The experiment successfully verified that the system can not only accurately interpret instructions but also successfully translate these instructions into actual, complex physical actions, enabling the system to adapt to different unstructured environments.


LLM-Aided Robot Control in Physical Environment

Robot real environment

The study in a real environment primarily consists of three parts: a camera, an operation board, and a robot. The camera used is the Intel RealSense D435i depth camera. This camera's RGB and depth capabilities can output real-time video at up to 1280x720 resolution at 30 frames per second, with a depth range of 0.1m to 10m, providing the system with both RGB images and depth information of objects. The robot operates on the operation board, which measures 525mm x 415mm, larger than the robot's 320mm workspace, ensuring that operations are safe and controllable. The robot uses the Dobot Magician robotic arm, which has four degrees of freedom, a maximum payload of 500g, and a control accuracy of 0.2mm, serving as the system's executive component to execute instructions.


Real-world environment testing

In the test environment, there is a robotic arm, plates, and green vegetables. The system captures the scene image using the top-mounted RealSense camera.

The experiment uses "Put the greens on the plate" as the language instruction. As shown, the system successfully parsed this command and accurately located the "greens" and "plate" in the scene. Based on the words "Put" and "on" in the instruction, the system determines the need to execute the action of "picking up the greens and placing them on the plate." This validates the system's ability to correctly understand and execute language instructions in a real environment.


Video Demonstration : LLM for Physical Robot Control

In the future, the LLMs contribute to high-level reasoning, helping the robot to comprehend complex tasks, identify goals and constraints, and subsequently generate steps or actions to achieve the desired outcomes.


Overview of the Technical Framework (Case Study)

Task Instruction Layer. The standard input is the task's natural language description, and the output is the task text features T extracted by the large language model from the instructions.

Visual Segmentation Layer. The standard input is the environmental image I, and the output is the environmental image features Ii. Once the robot captures the scene image, the visual segmentation model outputs masks for all potential objects based on the input image and crops the corresponding parts of the image to obtain a series of environmental image features Ii.
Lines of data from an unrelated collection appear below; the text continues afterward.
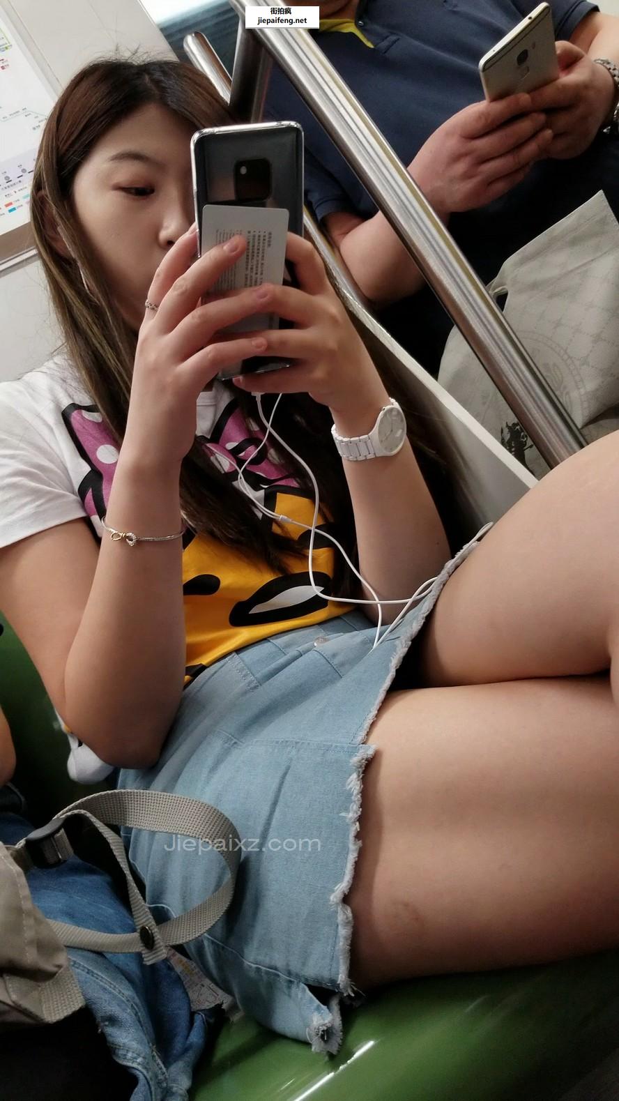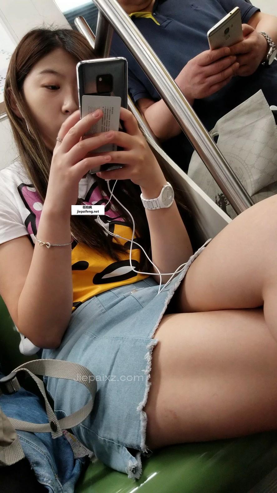 4K - 街拍依靠在地铁车厢里的牛仔裙姑娘 [1.26 GB/MP4]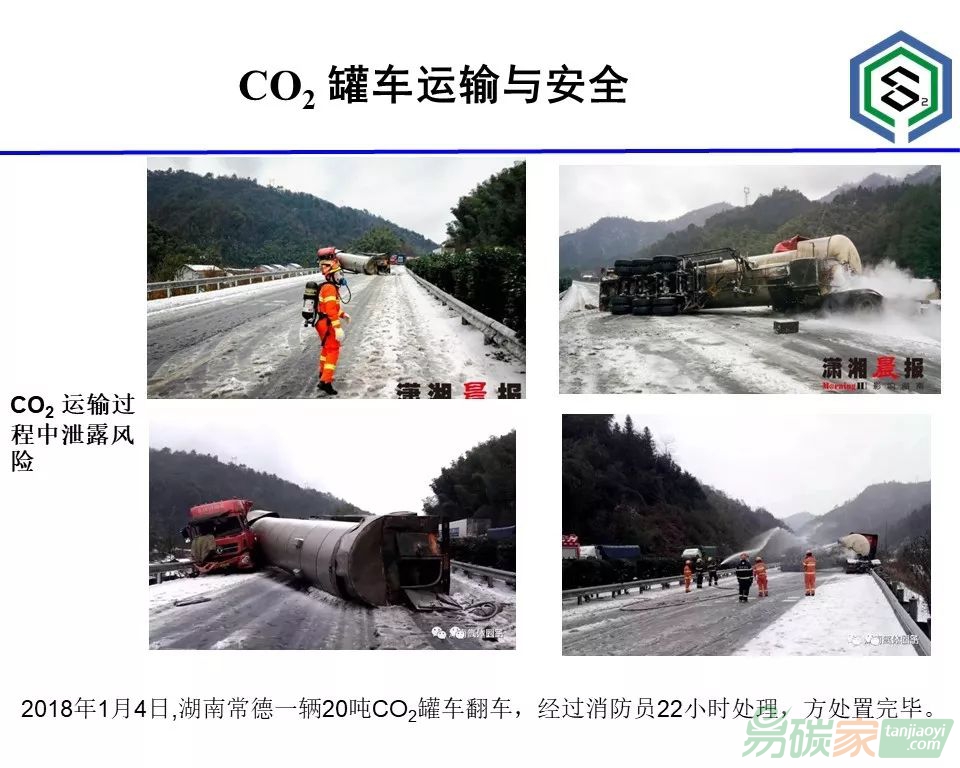 CO2罐車運輸與安全。罐車運輸包括管道會考慮到安全性,管道運輸?shù)絿鉀]有發(fā)生安全泄露問題,車運其實有很多這樣的安全事故。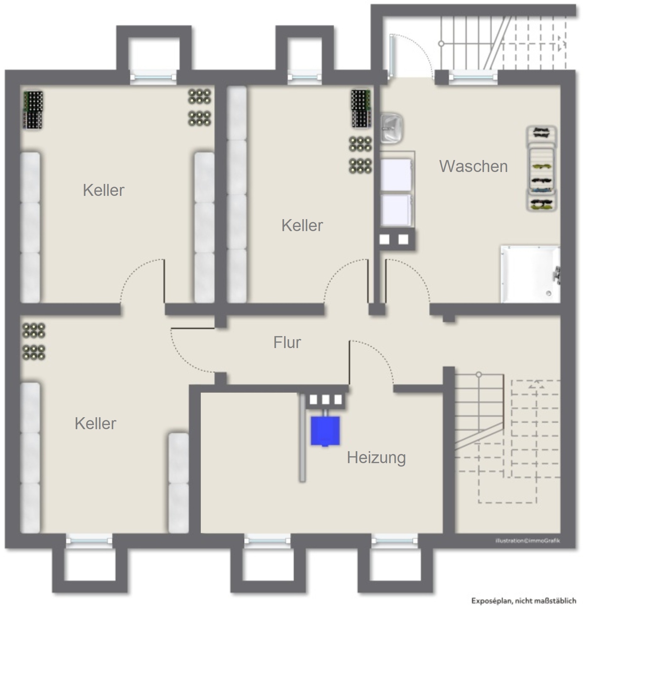 Die Immobilie ist vollständig unterkellert und bietet drei klassische Kellerräume, einen Heizungskeller sowie eine Waschküche mit Ausgang in den Garten.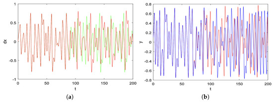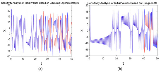 Then, we use the Gauss–Legendre integral algorithm to solve Equation (11) and analyze the initial value sensitivity, and the obtained phase diagram is shown in Figure 1. When we set the initial values of Equation (11) to and , the sensitivity analysis of the initial values obtained is shown in Figure 2. From the analysis of Figure 1 and Figure 2, it can be found that the Gauss–Legendre integral algorithm can also solve and analyze the first-order differential equations correctly.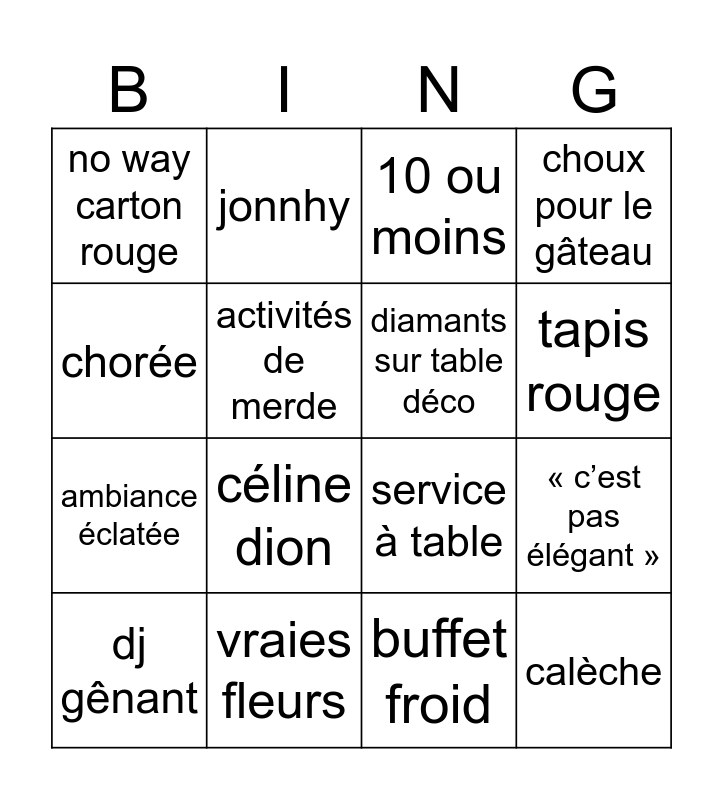 This bingo card has 16 words: vraies fleurs, « c’est pas élégant », 10 ou moins, no way carton rouge, ambiance éclatée, jonnhy, service à table, buffet froid, chorée, activités de merde, dj gênant, choux pour le gâteau, céline dion, tapis rouge, diamants sur table déco and calèche.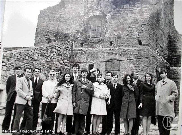 Я говорив на семінарі про роботу свого КСТТ, Сергій виступив з пропозицією про створення таких КСТТ при міськкомах і райкомах комсомолу. Потім нас повезли до Кам'янець-Подільського, де ми всі сфотографувалися під баштою Олекси Довбуша (на фото Сергій другий зліва, а я третій справа). Погодьтеся, що я, старший його на 20 років, на знімку виглядаю молодшим (що означає, бути на гребені успіху!)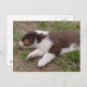 Adorable red tri Australian Shepherd or Aussie puppy taking a nap on the lawn!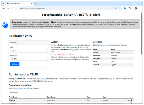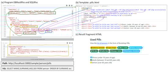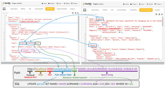 To achieve this, RestRho (Source code: https://www.devrho.com/restrho/js/ServerRestRho.js (accessed on 10 June 2025)) defines and deploys two RhoLanguages (see Figure 2, middle part), called SQLRho to define how to access and operate the databases and DBRestRho to define how to specify the HTTP requests and manage them by indicating the corresponding SQL template and associated SQLRho: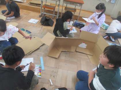 ダンボール箱を開いたり、立てたりしながら、思いついたことを友だちと協力してあらわしていました。とても楽しそうに活動していました。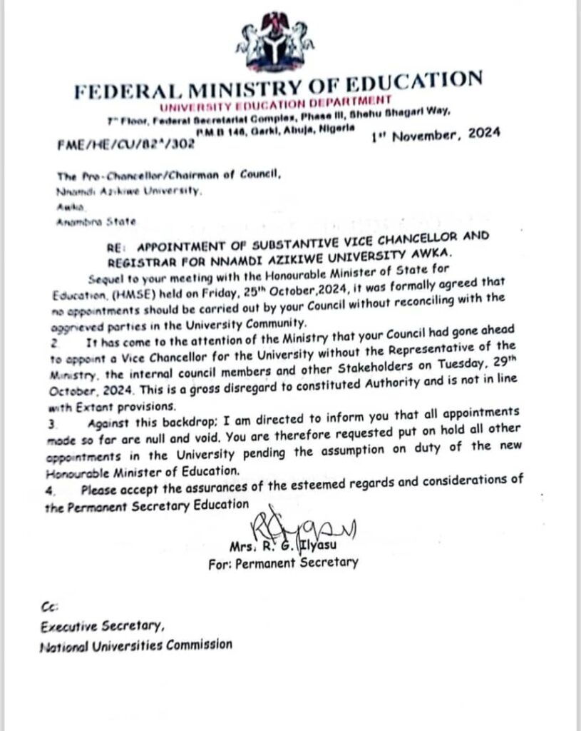 In a new development, a letter dated November 1, 2024 and signed by Mrs. R. G. Ilyasu on behalf of the Permanent Secretary, Federal Ministry of Education with reference number, FME/HE/CU/82/302 addressed to the Pro-Chancellor of the university, surfaced in the media over the weekend. According to the letter, the appointment of the new Vice Chancellor and Registrar of the institution was tagged “null and void.”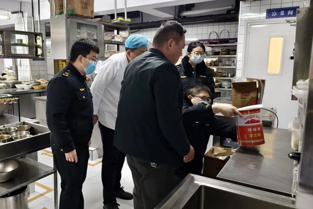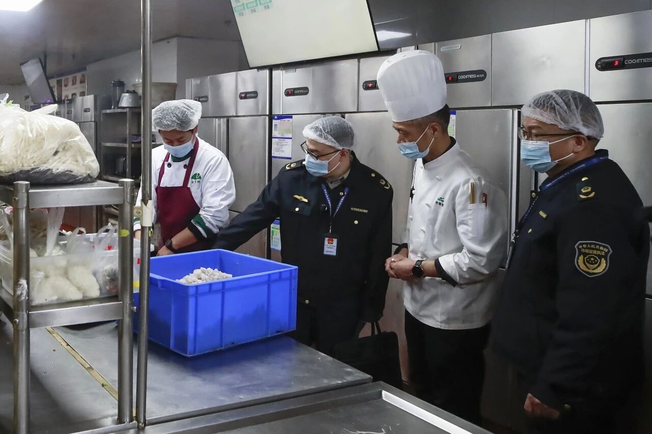 2月12日,鹤壁市市场监管局执法人员在樊氏厨艺开展年夜饭餐饮单位检查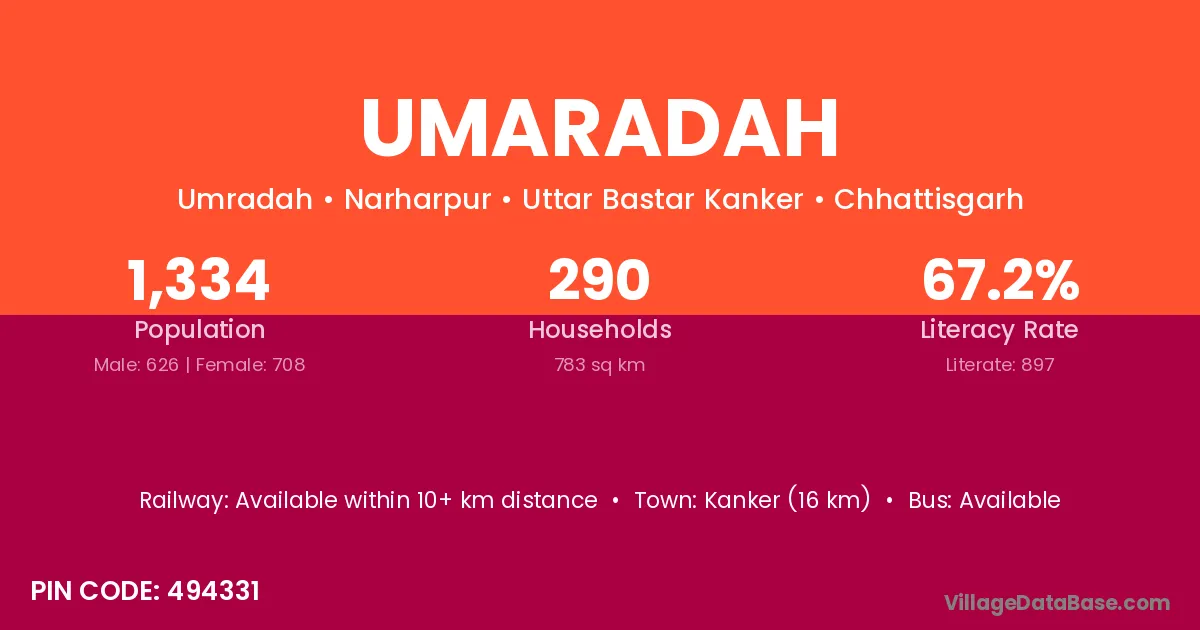 Balod (7 km) is the nearest town to Umaradah village for major economic activities and is located approximately 7 km away.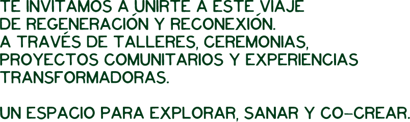 Se configura como un espacio de convergencia donde se entrelazan la conciencia, la tierra, la espiritualidad y la comunidad, con el propósito de fomentar procesos de regeneración tanto a nivel individual como colectivo. Este proyecto surge como una invitación a reconocer nuestra pertenencia a un entramado interdependiente, en el cual cada acción, relato e intención poseen un significado profundo.
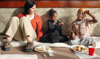 Deana Ribar, with Catholic Charities, talks Saturday with Fatuma Abdi, 7, and Asha Salim, 6, both of Lawrenceville, at Khalil's restaurant in Bloomfield. The restaurant hosts people from the Somali-Bantu community each year for a holiday celebration. |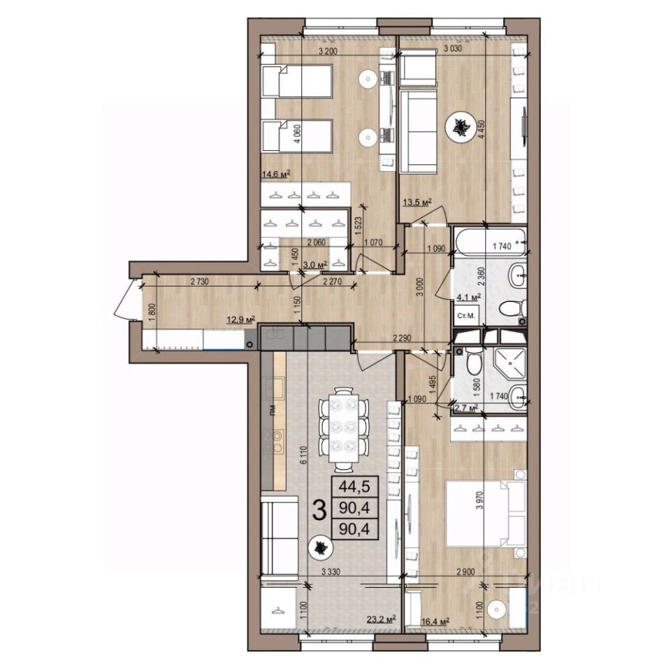 Продаётся 3-комнатная квартира в строящемся доме (Корпус 1), срок сдачи: I-кв. 2029, общей площадью 90.4 кв.м., на 6 этаже. Новый жилой комплекс "Полярная звезда" от застройщика "Зеленый сад" расположен по адресу Рязань, улица Новосёлов, 33Б.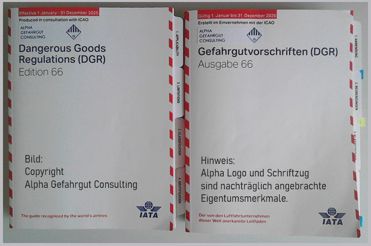 Das Bild zeigt die IATA-DGR (66. Ausgabe) in deutscher und englischer Ausgabe mit Eigentumsmerkmalen der Alpha Gefahrgut Consulting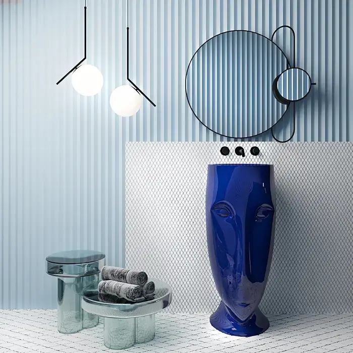 Kerasan Artwork Раковина свободностоящая "MOLOCO", с отверстием для слива в стену, цвет; Blu cobalto lucido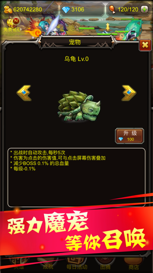 挂机之王震撼来袭,源于经典,又不断创新的点击玩法,带有RPG冒险元素,让你点到爆。 游戏采用经典的魔兽题材,诸多耳熟能详的超强BOSS让你重温昔日梦想。史无前例的懒人玩法,睡觉也能收金币, 战斗升级根本停不下来!还有诸多英雄等你招募! 产品特点: - 魔性挂机,根本停不下来的挂机游戏! - 休闲的挂机模式,即使下线照样有金币拿! - 升级点击等级,动动手指也能杀怪哦! - 招募升级新的英雄,英雄搭配杀怪不累! - 宠物系统,都带自动点击,每个宠物都有自己的特殊能力! - 副本系统,普通和精英副本产出装备材料和灵魂石。 - 装备系统,装备合成和进阶,神装等你拿! - 英雄进化,集齐灵魂石进化…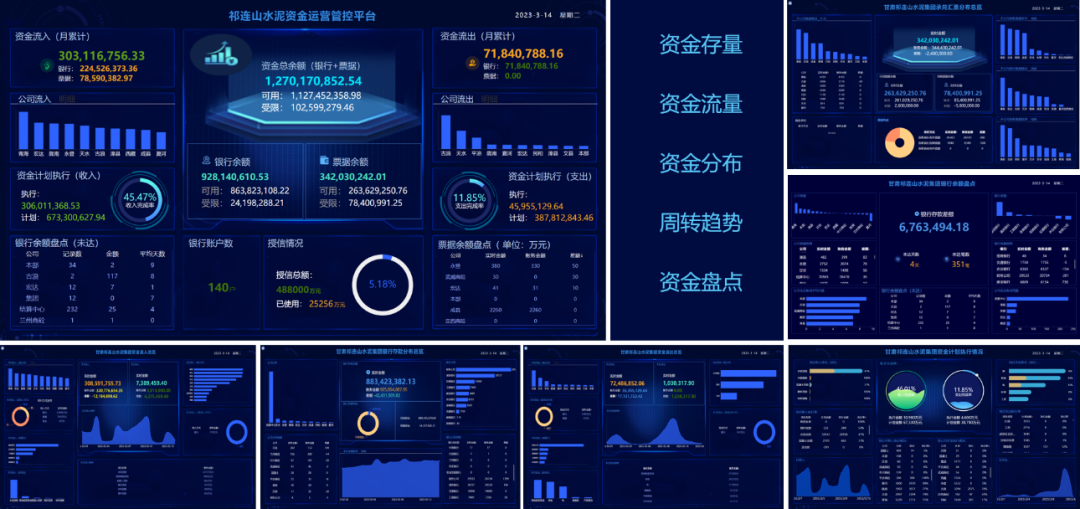 引入大数据风控理念,集成整合ERP、CBS跨银行现金管理系统、祁连山新型集团化票据池等系统数据,建立资金动态展示预警平台,实现了对现金及票据的全级次、全覆盖的可视、可查、可控。

Cross-Modal Matching Layer. The standard inputs are the task text features T and the environmental image features Ii, and the output is the task target image Ii. The text features T and environmental image features Ii are sent to their respective modal matching models to obtain corresponding matched image results.

Robot Action Layer. The standard input is the task target image Ii, and the output is the robot action. Using the robot's hand-eye coordination module, the central point location of the task target image is converted into the actual position in the robot's coordinate system. This information is then sent to the relevant action module to drive the robot to execute the task.